For a long time, we didn’t believe, or if we did, it was only in moments of veiled anguish: the flickering shapes of fictional children lashed to fictional posts, my yoga teacher’s Sanskrit invocation for the happiness of all beings everywhere. Sometimes we caught something glittering out of the corners of our eyes, but it vanished the second we looked at it, blinked out like a prism-thrown rainbow the moment we held out our hands.

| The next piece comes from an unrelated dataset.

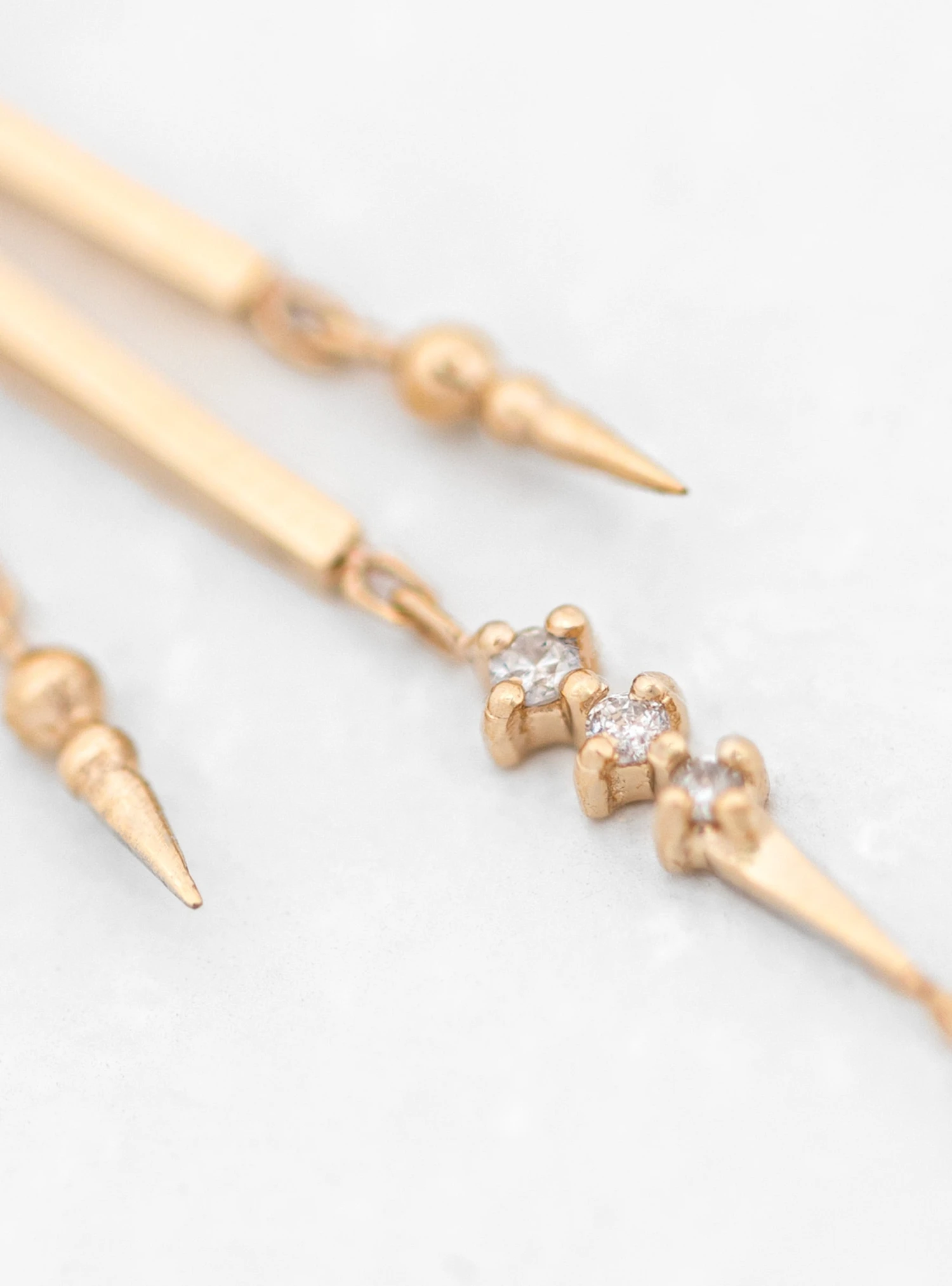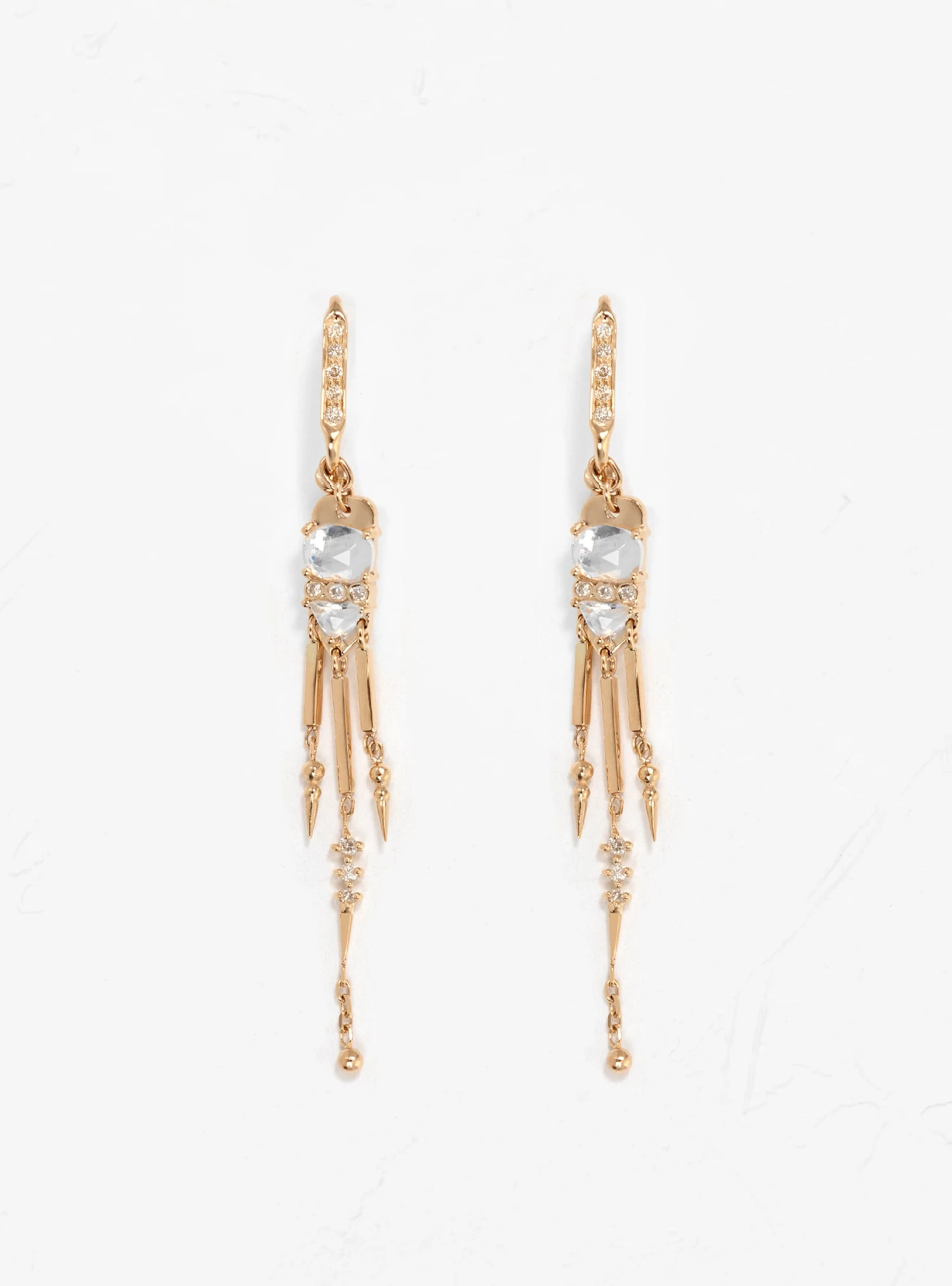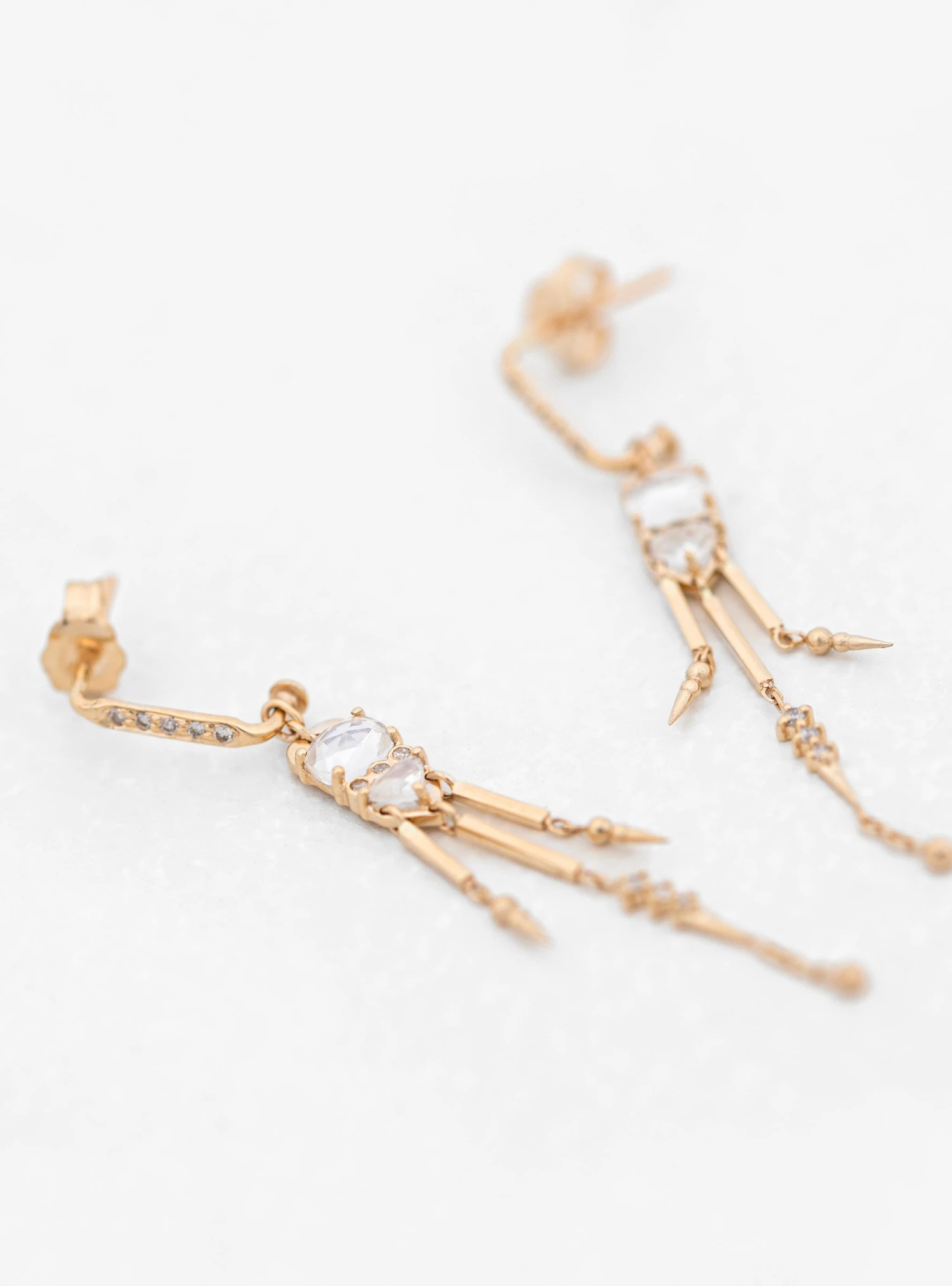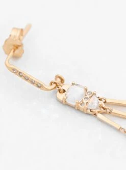 Inspired by her experiences travelling between India, France and Belgium, jewellery designer Celine Daoust’s pieces are a fusion of ancestral craftsmanship and cultural references. These delicately articulated Moonstone & Diamond earrings feature 2 large cut moonstones set in 14k yellow gold with drop pendants underneath reminiscent of protective talismans.

We read about the man who wandered through Moscow in his underwear with an icon pinned to his chest. We saw Juliet Binoche give an interview in which she talked about meeting angels. We thought they were crazy. We thought we might like that, if that happened to us. The fact was nothing happened to us. What had been going to happen—the flood that destroyed our house, brought our city to its knees—had already happened, and our personal Act of God had barely transcended the actuarial. Now that we were back on our feet, thanks to the insurance money and our own hard work and nothing else, we looked out at the rest of our lives, and it was like looking down a long, low-ceilinged room, the ballroom of a one-star hotel or a school auditorium, maybe. Everything was calmly, artificially lit, and we had plenty of room to run, jump, whoop across the smooth, waxed floors, and so what was there to complain about? We were lucky. Look at us, with our lives and limbs, our jobs, cars, children, bags of groceries, party invitations. We were “happy,” except sometimes when we caught these chinks—flashes of a hard yellow light—and we remembered the sky.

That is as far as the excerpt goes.